Quail VAD

The ai-coustics SDK includes Voice Activity Detection models and model-internal VAD post-processors for real-time applications. For new Voice AI pipelines, we recommend the standalone Quail VAD 2.0 model, or Quail Voice Focus VAD 2.0 when you need to detect only the primary speaker.

What is VAD?

A Voice Activity Detector is a system that identifies the presence of human speech in an audio stream. Voice agents use this signal for turn-taking, endpointing, and deciding when to send audio to downstream Speech-to-Text (STT) systems. Quail VAD 2.0 is a standalone VAD model trained for noisy, multi-speaker environments. It predicts speech activity directly from the input audio and does not require Quail Voice Focus, Quail, or Rook enhancement to run. This makes it the recommended choice when you need a modular VAD component in a Voice AI pipeline. Quail Voice Focus VAD 2.0 is the primary-speaker counterpart. It predicts speech activity for the targeted primary speaker only, ignoring interfering and background speech, mirroring how Quail Voice Focus isolates the primary speaker for enhancement. Use it when turn-taking should be driven by a single target speaker rather than any audible voice.

Use Cases

Integrating the VAD into your pipeline can significantly improve your application’s performance and user experience.

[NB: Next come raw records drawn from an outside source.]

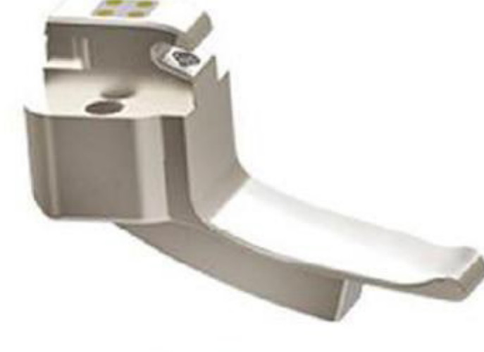
00# 0-1 Yaş
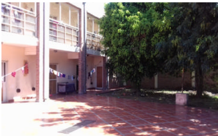
Imagen 5: Patio trasero donde se aprecia un árbol frondoso.

Contiguo al comedor, hay una puerta ventana por donde se sale hacia el patio trasero (imagen 5), el cual es muy amplio, en una parte hay piso de cerámicas y en otra pasto, en ese lugar lavan y cuelgan la ropa, algunas también tienen un tendedero en las habitaciones que tienen balcón. Se nota que están armando una huerta al fondo del patio, cuando pregunte sobre la misma, las chicas me comentaron que la están armando los sábados “ con unas personas que vienen como voluntarios ”, parecen muy contentas con la realización de la huerta, pareciera que es algo que las entretiene y distrae.
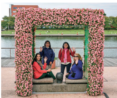
公園内フォトスポットにて
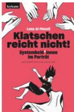
Klatschen reicht nicht! Ladenpreis: 22,00EUR
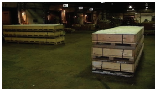
2 palettes = 104L x 46l x 50H: référez-vous aux règles de longueur excessive du guide de référence du cubage afin de déterminer le cubage exact.
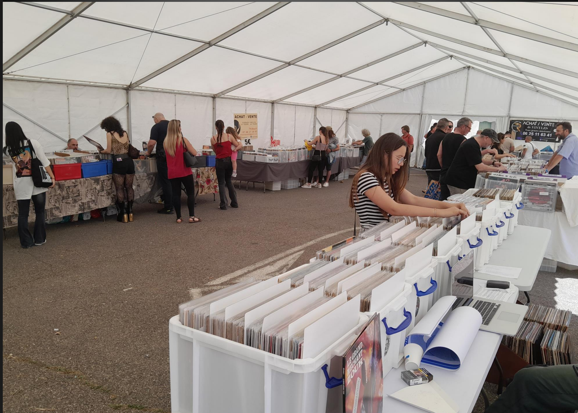
BERRE L'ETANG _ Les exposants du VINYL MARKET PACA et leurs disques 33 tours... après une longue désaffection, c'est le retour des vinyles et des platines Haute-Fidélité pour la restitution optimale du son et le plaisir des audiophiles exigeants.
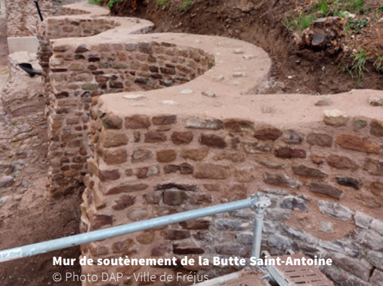
Mur de soutènement de la Butte Saint-Antoine
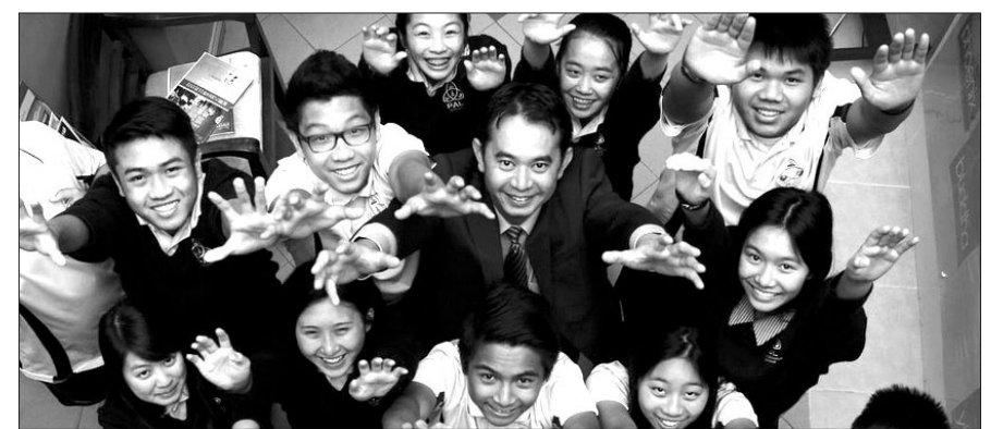
호주에 처음 문을 연 불교 고등학교인 'Pal School'의 학생들.
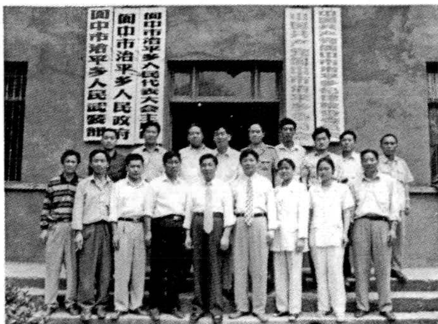
乡党委政府全体干部留影
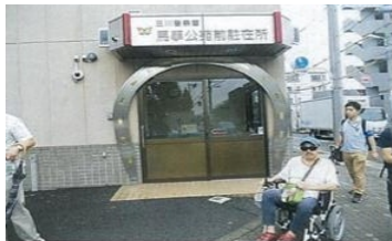
障害者と共にユニバーサルデザインの視点でまち歩き
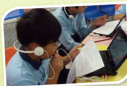
■ 無線網絡配套，讓學生學得更好、更有效。
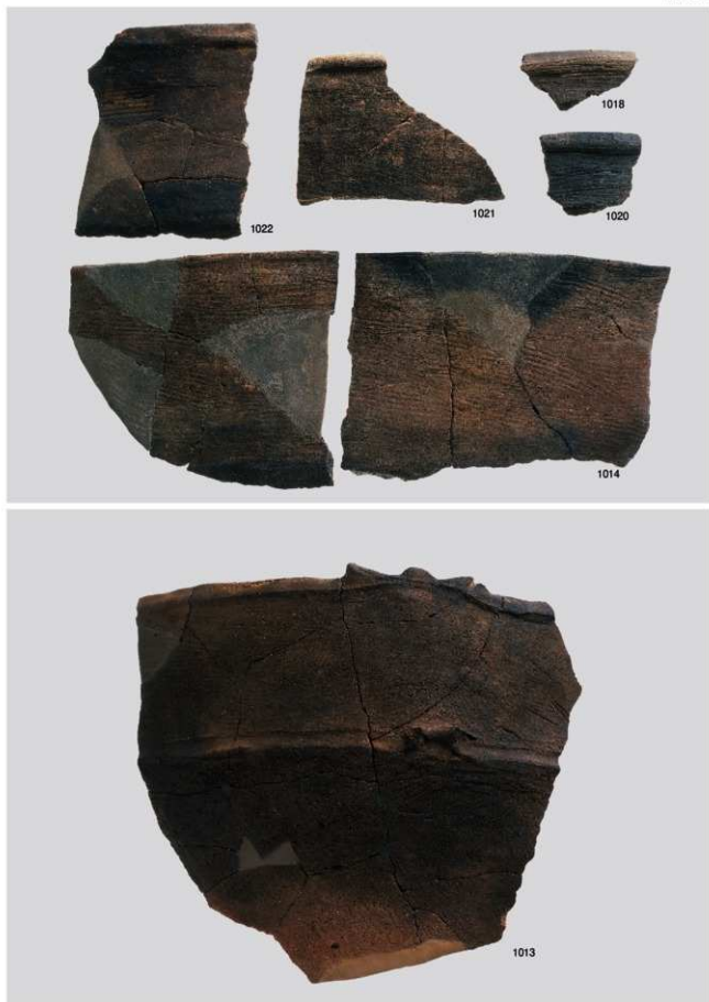
縄文時代晩期土器 6 (深鉢 3b 類②, 3c 類)
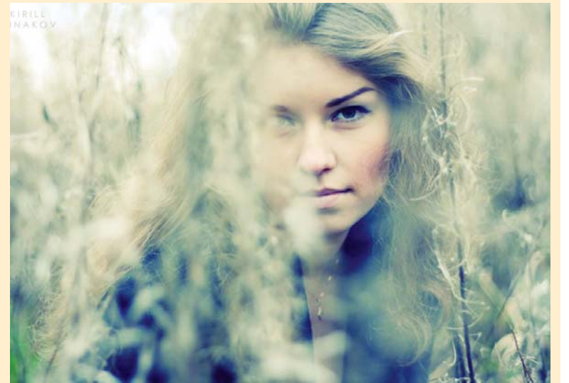
В коллаже использованы авторские работы с выставки «Политех-Фото»
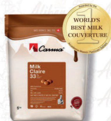
MILK CLAIRE 33% Cod. 0009407 | 5 Kg

Senza coloranti o aromi artificiali. Un bel colore dorato con un fantastico gusto caramello fatto con amore e dedizione.
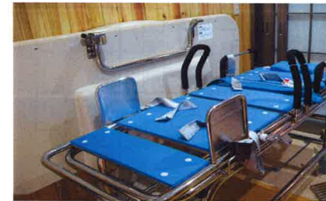
【天井走行式リフト】 ～電動昇降着替え台を備えた、安全な機械浴です～
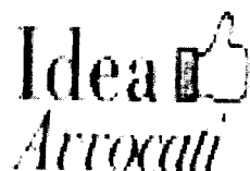
image006.jpg 2 KB
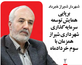
شهردار شیراز خبردار برپایی همایش توسعه سرمایه گذاری شهرداری شیراز همزمان با سوم خردادماه
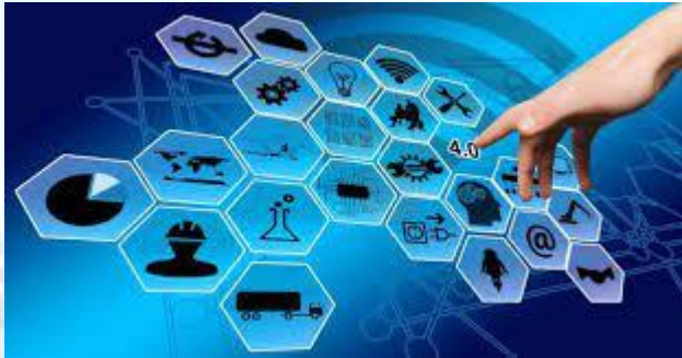
Міжнародний день загального доступу до інформації
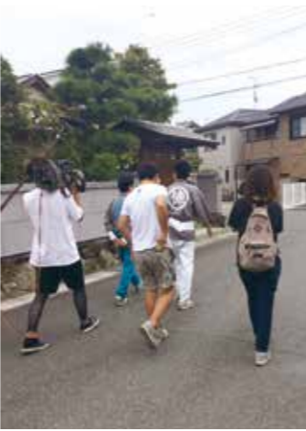
▲自慢を教えてくれる人を探しています

【放送局・番組名】 読売テレビ（10ch） レギュラー放送 「大阪ほんわかテレビ」 町村プラブラ〜稲美町編 【放送予定日】 10月20日（金） 19:00~20:00（予定） ※放送日時が変更になる場合は、町 Facebook でお知らせします。
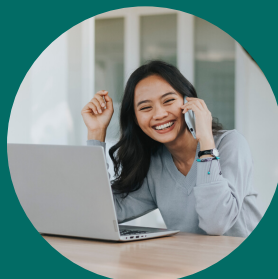
Prise de brief Mail, téléphone, rdv
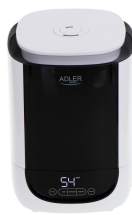
AIR HUMIDIFIER AD 7966
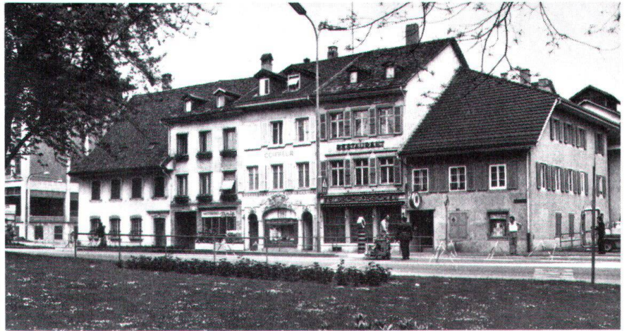
Hier, unmittelbar gegenüber der Altstadt und neben dem historischen «Zollhaus» und «Martin-Disteli-Haus», soll eine grossdimensionierte Überbauung entstehen.

Die zuständige politische Behörde behandelte diese Frage, entgegen der Stellungnahme der kantonalen Altetümerkommision , in ablehnendem Sinne. Die wichtigsten Argumente für eine Neuüberbauung: eine zugesicherte Nutzung von 2,4 (!), die durch die ungünstige Lage zwischen Strasse und Eisenbahn fraglich gewordene Ausnützung in
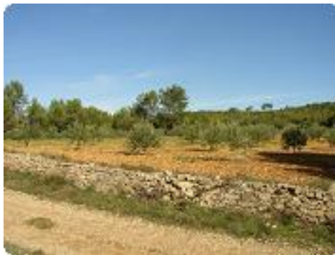
[20] Champs d'oliviers sur la droite.
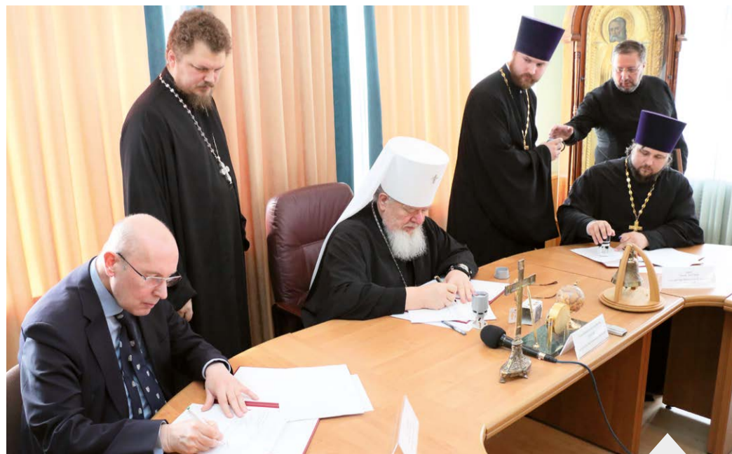
Подписание договора о трехстороннем сотрудничестве

Участники конференции затрагивали самые разные темы: от собственного опыта создания коллекций до проблемных вопросов. Главные из них – это статус малых музеев, поддержка их развития, нормативно-правовое поле. Всего было заслушано более 20 докладов.
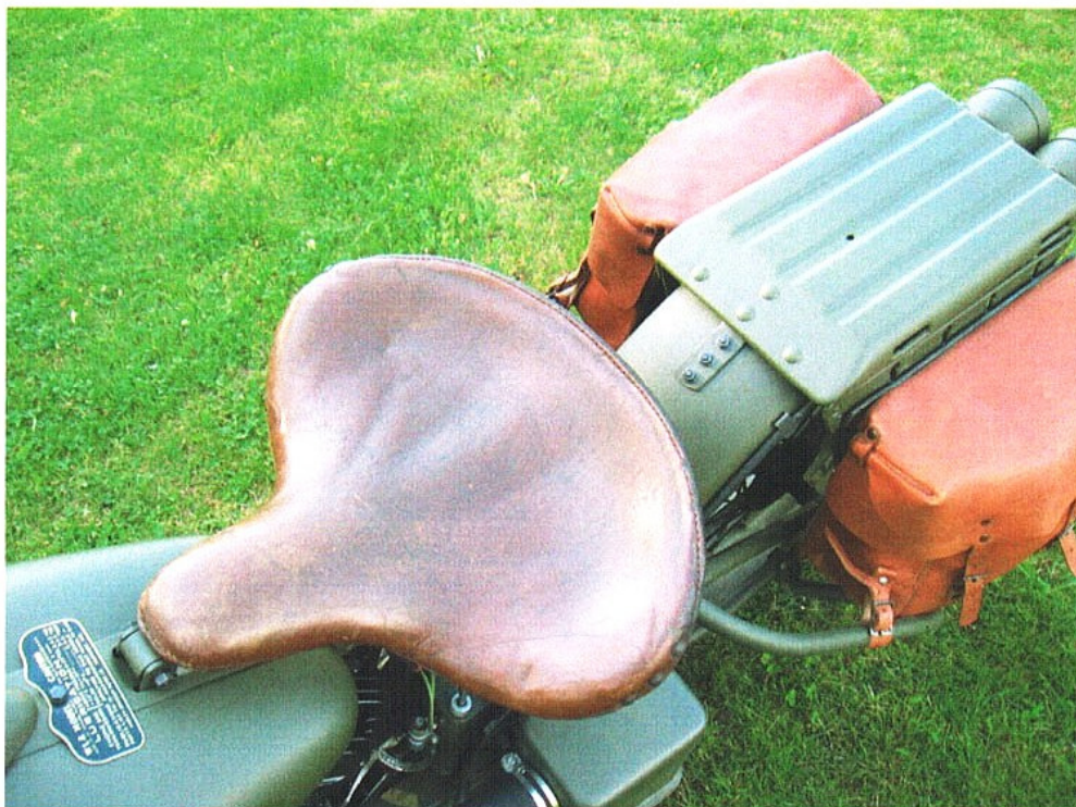
Vaade sõiduki istme(te)le
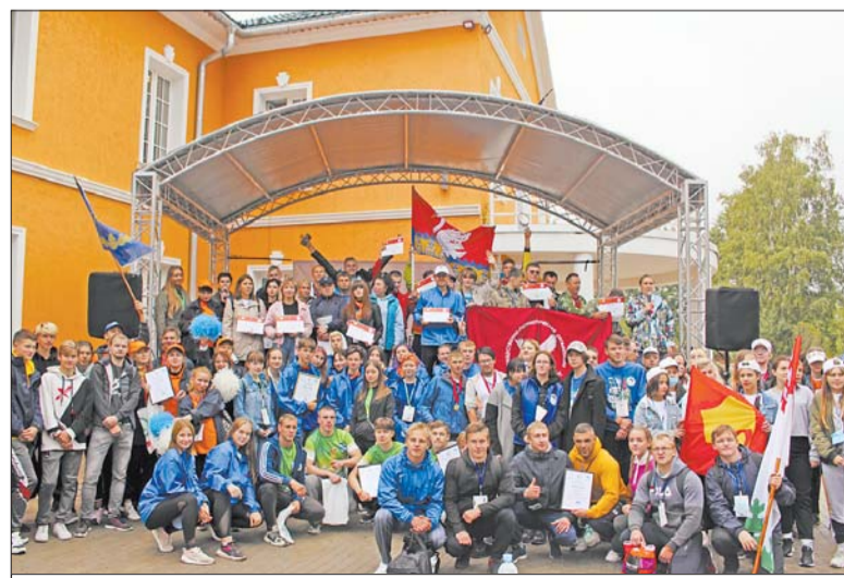
Финальный общий снимок участников Фестиваля

Improved Turn-Taking: In voice agent or conversational AI applications, the VAD provides a reliable signal for detecting the end of a user’s turn.
Cost Reduction: By processing audio only when speech is present, you can reduce computational load and downstream processing costs (e.g., for STT).
Enhanced STT Accuracy: Sending audio to your Speech-to-Text engine only when speech is present can reduce insertions and substitutions caused by background noise or interfering speech.

How it Works

The basic workflow is the same for standalone VAD models and model-internal VAD modes:

Create a processor with a VAD-capable model
Create a VAD instance from the processor
Process your audio
Query the VAD to see if speech was detected in the last processed frame

For standalone VAD use cases, create the processor with quail-vad-2.0-xxs-16khz, or quail-vf-vad-2.0-s-16khz to detect only the primary speaker. The model runs independently and produces a frame-level speech probability that the SDK compares against the configured sensitivity threshold.

Model Differences

The SDK supports three VAD options:

Approach	How it works	Dependency	Recommended use
Quail VAD 2.0	A standalone VAD model predicts speech probability directly from the input audio.	Requires only the Quail VAD model.	New Voice AI pipelines, modular LiveKit or Pipecat setups, and noisy environments where background speech, music, or impulsive noise can trigger false positives.
Quail Voice Focus VAD 2.0	A standalone VAD model predicts speech probability for the primary speaker only.	Requires only the Quail Voice Focus VAD model.	Single-target-speaker turn-taking where interfering speakers should not trigger the VAD.
Model-internal VAD (Quail VAD 1.0)	A speech enhancement model first suppresses non-speech components, then the SDK estimates speech activity from the remaining signal energy.	Requires an enhancement model such as Quail Voice Focus, Quail, or Rook.	Existing pipelines that already run ai-coustics enhancement and want a VAD signal from the same processor.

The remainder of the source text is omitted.